• TASK INSTRUCTIONS: The material below contains a line with "Spices for cooking." and a line with "Women's Stylish Platform". Copy exactly those two lines and all lines between them.

• DATASET:
═══

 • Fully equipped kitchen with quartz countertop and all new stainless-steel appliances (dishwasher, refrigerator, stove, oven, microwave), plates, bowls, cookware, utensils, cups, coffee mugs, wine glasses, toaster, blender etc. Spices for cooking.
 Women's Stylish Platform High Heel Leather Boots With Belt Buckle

═══

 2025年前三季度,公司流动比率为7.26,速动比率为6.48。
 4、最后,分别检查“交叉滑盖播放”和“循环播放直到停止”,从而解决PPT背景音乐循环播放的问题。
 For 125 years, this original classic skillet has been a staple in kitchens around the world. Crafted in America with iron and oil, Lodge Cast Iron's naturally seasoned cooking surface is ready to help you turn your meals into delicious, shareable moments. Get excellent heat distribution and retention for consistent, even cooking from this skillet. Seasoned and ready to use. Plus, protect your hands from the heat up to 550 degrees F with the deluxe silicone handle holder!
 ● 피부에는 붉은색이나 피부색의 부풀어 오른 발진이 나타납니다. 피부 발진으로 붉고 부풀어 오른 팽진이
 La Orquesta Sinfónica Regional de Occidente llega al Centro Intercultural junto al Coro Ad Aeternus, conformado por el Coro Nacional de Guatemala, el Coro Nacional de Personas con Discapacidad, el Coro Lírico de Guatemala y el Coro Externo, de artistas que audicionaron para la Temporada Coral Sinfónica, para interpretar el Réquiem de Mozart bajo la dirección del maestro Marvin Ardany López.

═══

• YOUR SOLUTION:
 • Fully equipped kitchen with quartz countertop and all new stainless-steel appliances (dishwasher, refrigerator, stove, oven, microwave), plates, bowls, cookware, utensils, cups, coffee mugs, wine glasses, toaster, blender etc. Spices for cooking.
 Women's Stylish Platform High Heel Leather Boots With Belt Buckle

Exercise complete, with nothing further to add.